A mix of economic news further sapped any momentum stocks may have enjoyed. Construction spending took an unexpected hit in November, falling 0.4 percent for the month, the Commerce Department said. Investors had been expecting a rise of 0.4 percent after October’s 0.3 percent gain.
The Institute for Supply Management’s (ISM) manufacturing index rose to 58.6 in December, from 57.8 in the previous month and edging past Wall Street’s prediction of 58.5.
The index measures the strength of manufacturing in the United States. However, Hugh Johnson, chief investment officer at First Albany, noted that a breakdown of the ISM report showed problems, most notably in a lack of employment and production volume.
“There were certainly aspects of the ISM report that were not comforting,” Johnson said. “But overall … there is some argument that the real concern is the market moved too far, too fast in the fourth quarter. … ”
While most retailers were expected to report holiday results Thursday, Wal-Mart gave Wall Street a preview of its sales, which were better than expected and sparked hope that other retailers would fare similarly.
Sales at Wal-Mart stores open at least a year rose 3 percent for December, prompted by strong after-Christmas sales. The company’s previous forecasts were in the middle of a 1 to 3 percent range. Wal-Mart gained 53 cents to $53.35.

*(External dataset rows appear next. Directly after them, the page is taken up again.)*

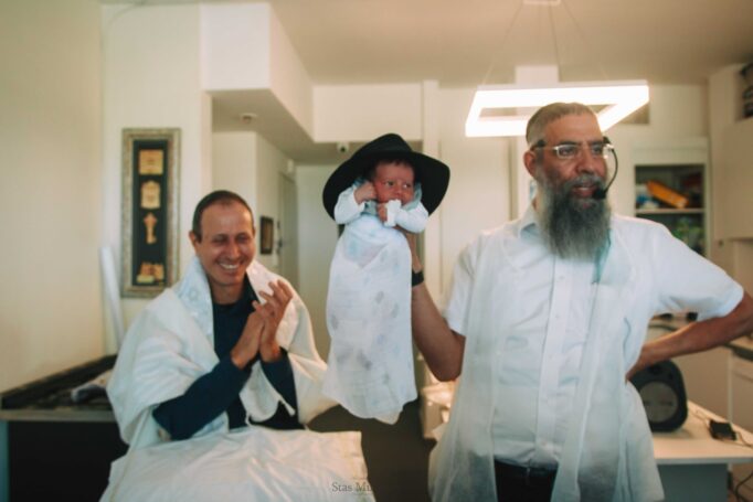 הטקס רוצה להתחיל, האבא העטוף בטליתו, והאמא אשר מברכת, מכניסים קדושה לאווירת הבית המלא שמחה, האורחים מתקשים להניח לתינוק וכל אחד ואחת רוצים את תורם להחזיקו, לחבקו ולהנות מאותו המבט אשר יישאר חקוק לנצח
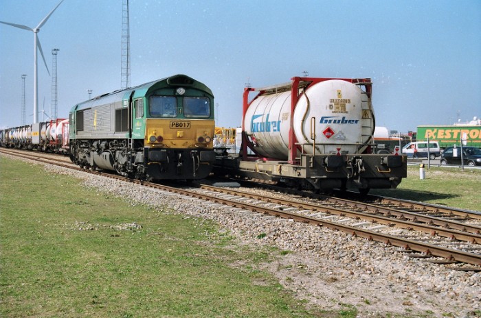 Daarna wordt de trein langzaam het kopspoor van P&O (dat is 2005 verlengd is waardoor het hele treinen kan ontvangen) opgedrukt door de PB017 van R4C. |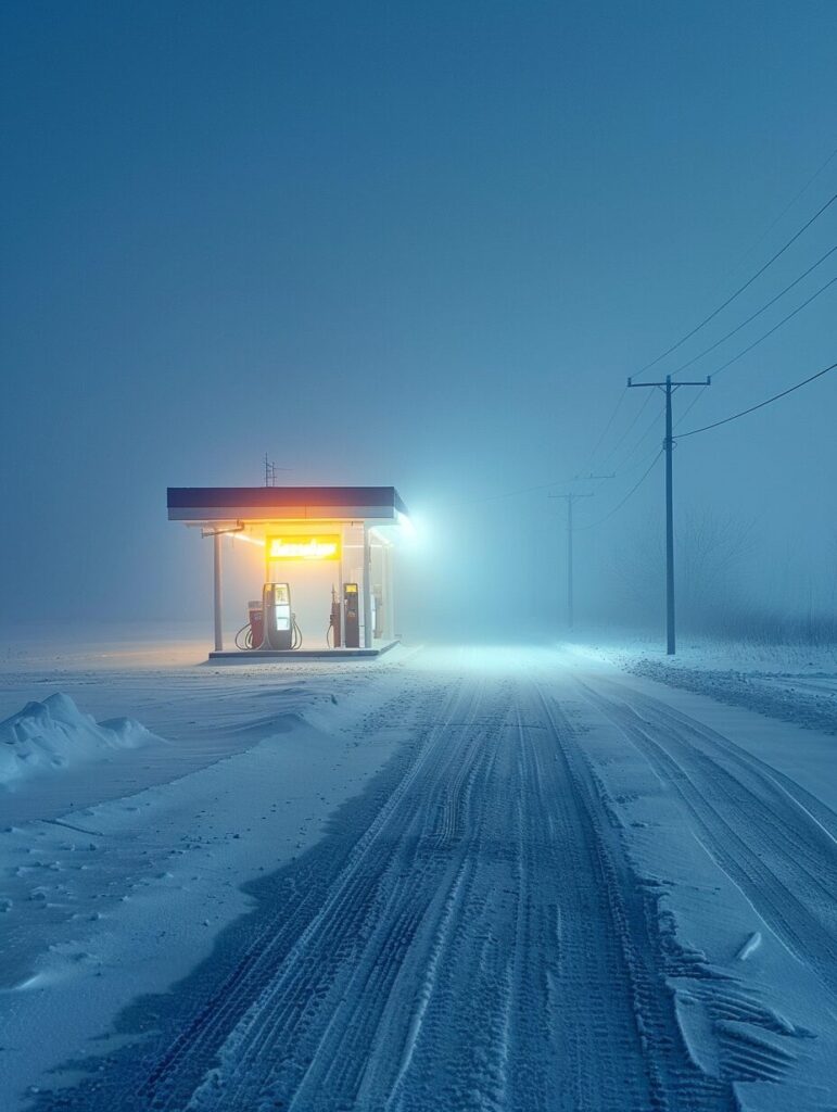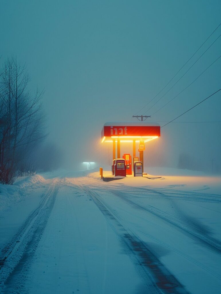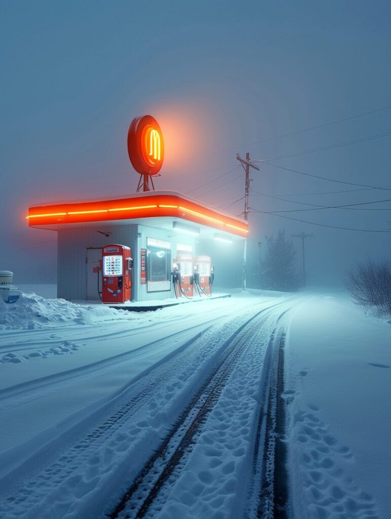 使用したプロンプトはこちら▼ <prompt> concept photography, a gas station in the snow, tire mark, a faint yellow light, snowing, Daylight, mist, blue tone, open environment, vanishing point --ar 3:4 --stylize 180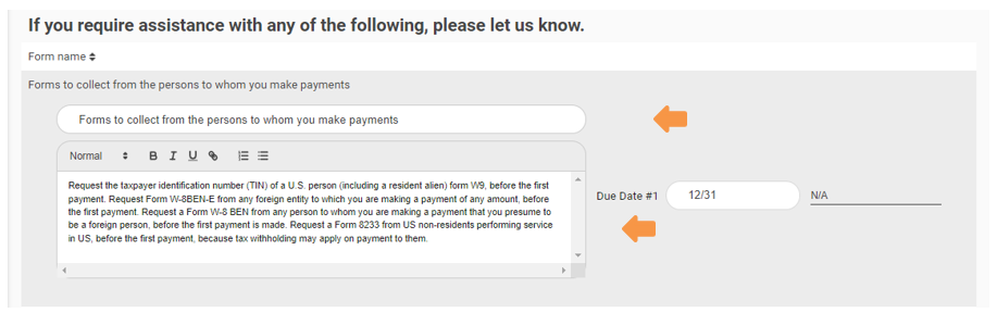 2. If a Professional feels that the Compliance Title & Description needs to be customized according to his/her preference can do so by editing the Text Fields provided.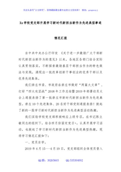 / Xx学校党支部开展学习新时代新担当新作为先进典型事迹情况汇报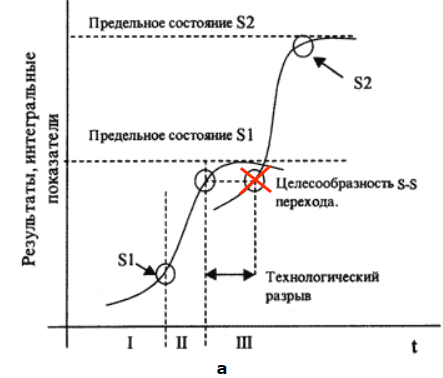 Вопрос в том, когда нужно начинать новую кривую. И ответ здесь такой: если выручка начала падать — запускать уже поздно, потому что для новой кривой нужен некоторый разгон. На графике он называется технологическим разрывом между стартом нового продукта и моментом роста выручки.

Drugstore chain Walgreen jumped $2.01 to $40.38 after the company reported a 30.5 percent jump in profits, crediting increases in prescription and general merchandise sales. The company beat Wall Street earnings forecasts by 2 cents a share.
Kmart said its same-store sales fell 4.6 percent for November and December — which represents an improvement over past sales declines for the struggling discount retailer. Kmart climbed $1.15 to $100.10.
The big drop in oil prices hurt related stocks. ChevronTexaco slid $1.61 to $50.90, ConocoPhillips lost $2.72 to $84.11 and Exxon Mobil fell $1.17 to $50.09.